___ SOURCE MATERIAL
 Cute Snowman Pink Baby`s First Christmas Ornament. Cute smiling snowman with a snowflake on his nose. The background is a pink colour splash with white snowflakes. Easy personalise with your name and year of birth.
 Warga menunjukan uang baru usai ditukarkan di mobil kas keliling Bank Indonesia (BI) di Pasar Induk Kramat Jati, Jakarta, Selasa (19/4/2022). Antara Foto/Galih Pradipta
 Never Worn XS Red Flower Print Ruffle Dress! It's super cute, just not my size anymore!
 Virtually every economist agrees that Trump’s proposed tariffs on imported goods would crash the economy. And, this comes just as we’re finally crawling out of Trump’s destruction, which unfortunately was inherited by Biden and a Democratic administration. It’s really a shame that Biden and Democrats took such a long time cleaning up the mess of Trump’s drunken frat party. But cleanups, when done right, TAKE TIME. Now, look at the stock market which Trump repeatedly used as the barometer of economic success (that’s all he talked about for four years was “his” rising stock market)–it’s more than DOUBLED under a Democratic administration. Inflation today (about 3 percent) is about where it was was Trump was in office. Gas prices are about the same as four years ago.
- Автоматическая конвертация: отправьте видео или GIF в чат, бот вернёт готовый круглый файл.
______
___ SOURCE MATERIAL
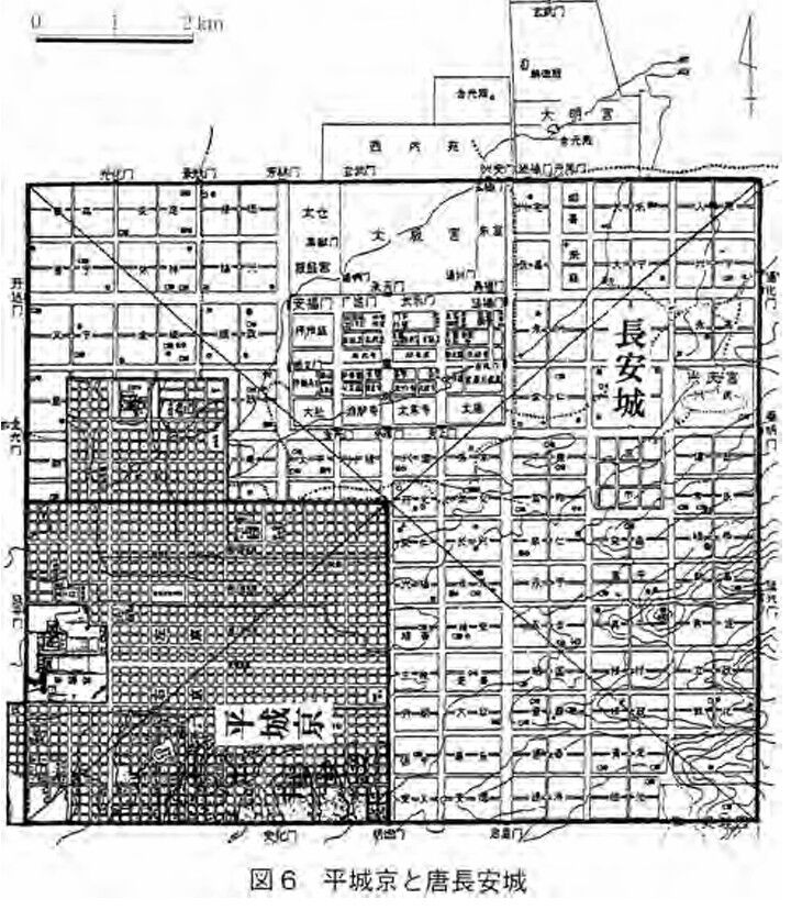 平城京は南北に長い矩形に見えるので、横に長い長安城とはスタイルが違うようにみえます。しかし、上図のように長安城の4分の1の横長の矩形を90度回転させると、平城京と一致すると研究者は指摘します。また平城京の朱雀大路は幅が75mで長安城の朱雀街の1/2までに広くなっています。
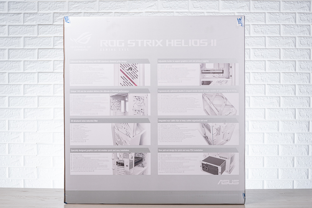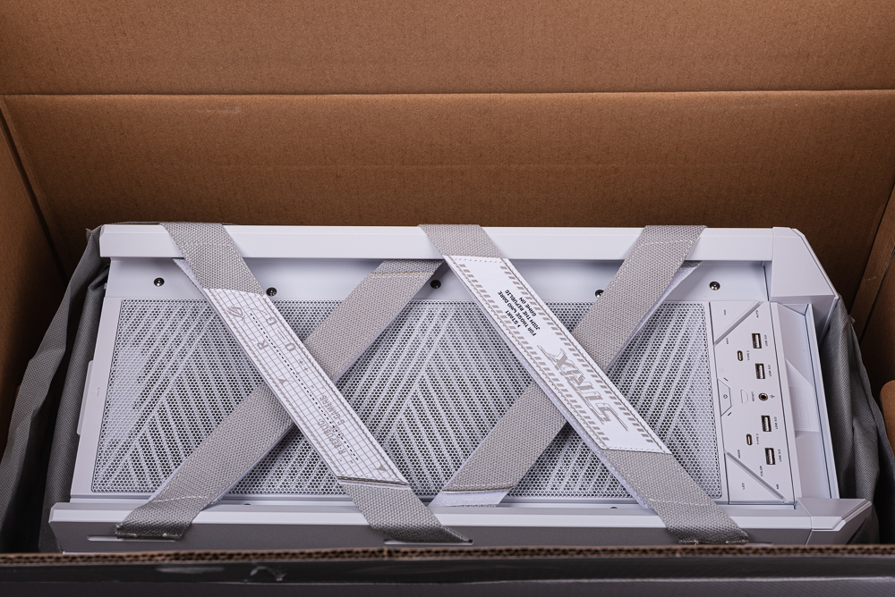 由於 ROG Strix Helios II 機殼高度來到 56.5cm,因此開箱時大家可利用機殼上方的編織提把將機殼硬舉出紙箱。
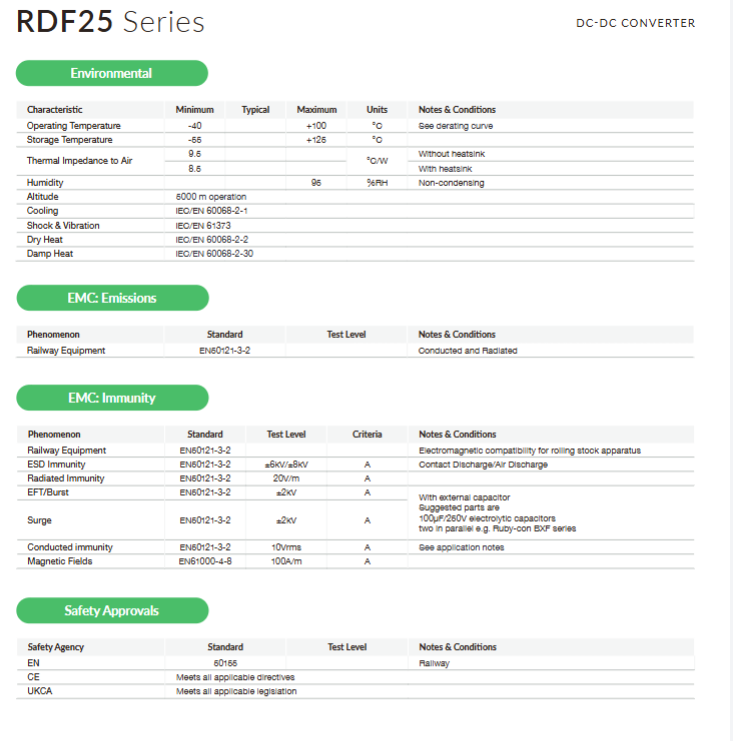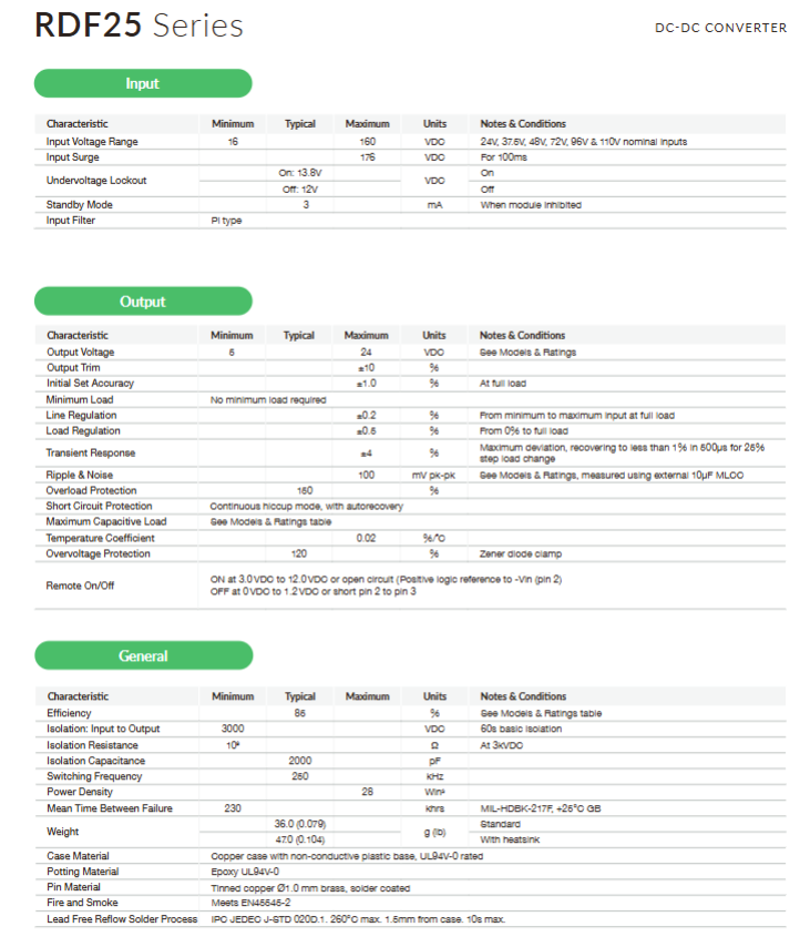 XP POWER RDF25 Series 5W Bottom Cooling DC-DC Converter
______
___ SOURCE MATERIAL
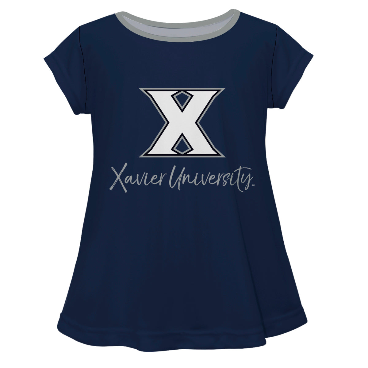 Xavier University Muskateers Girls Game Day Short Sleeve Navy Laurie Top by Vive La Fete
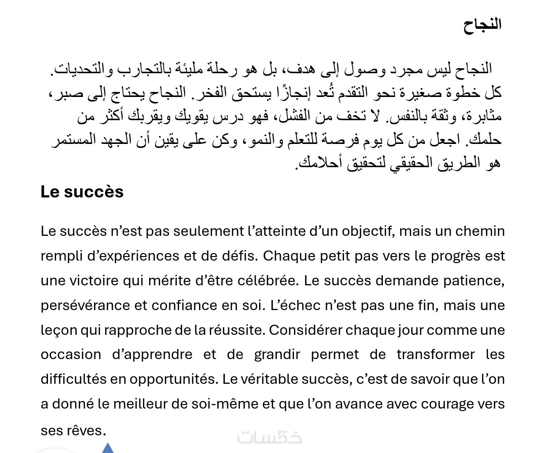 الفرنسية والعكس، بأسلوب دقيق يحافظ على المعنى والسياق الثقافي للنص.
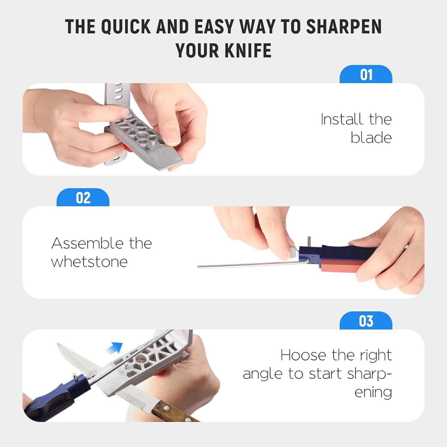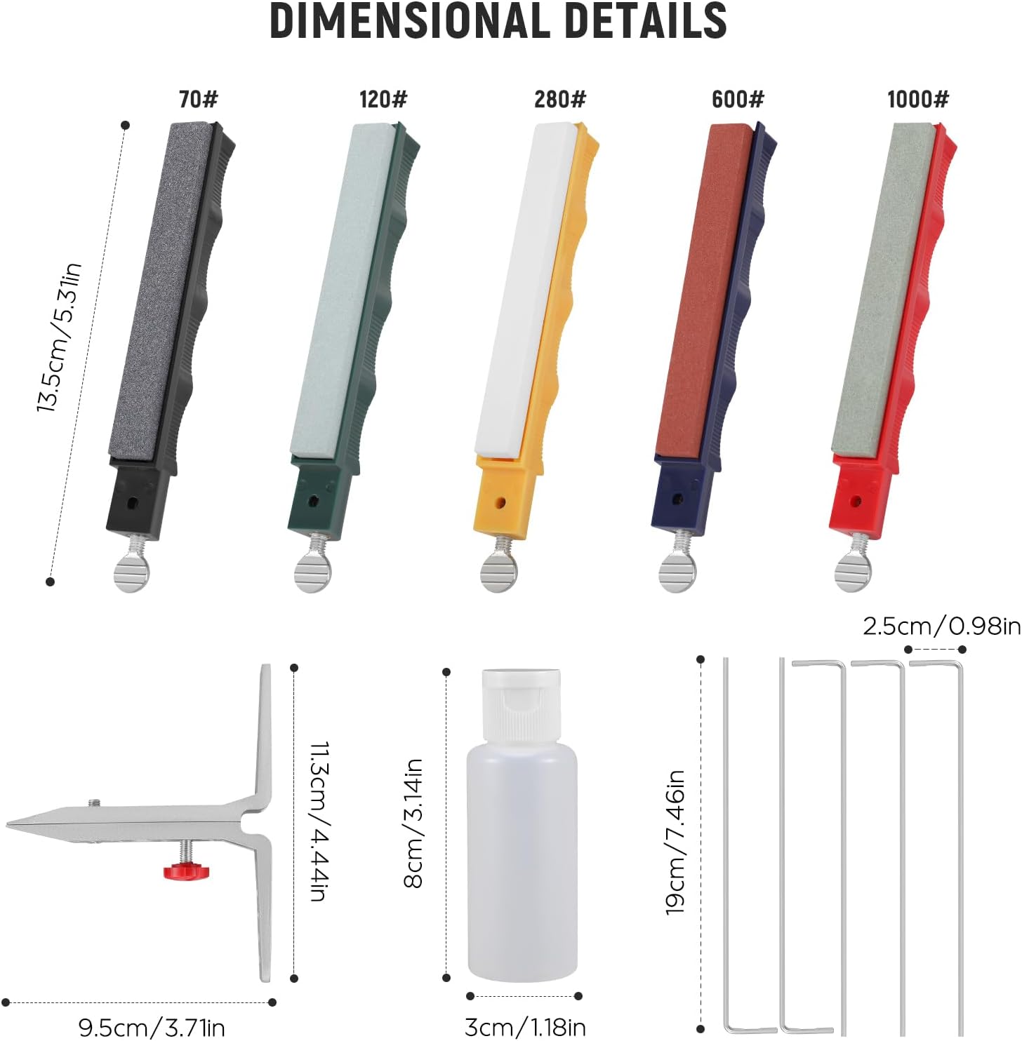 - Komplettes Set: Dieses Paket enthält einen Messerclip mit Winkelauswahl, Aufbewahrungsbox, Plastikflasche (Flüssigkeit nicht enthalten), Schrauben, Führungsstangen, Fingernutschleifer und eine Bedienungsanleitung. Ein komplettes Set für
______
Within the material above, only the stretch from the line holding "Xavier University Muskateers" through the line holding "- Komplettes Set: Dieses" is to be restated exactly. Pictures are dropped.

 Xavier University Muskateers Girls Game Day Short Sleeve Navy Laurie Top by Vive La Fete
 الفرنسية والعكس، بأسلوب دقيق يحافظ على المعنى والسياق الثقافي للنص.
 - Komplettes Set: Dieses Paket enthält einen Messerclip mit Winkelauswahl, Aufbewahrungsbox, Plastikflasche (Flüssigkeit nicht enthalten), Schrauben, Führungsstangen, Fingernutschleifer und eine Bedienungsanleitung. Ein komplettes Set für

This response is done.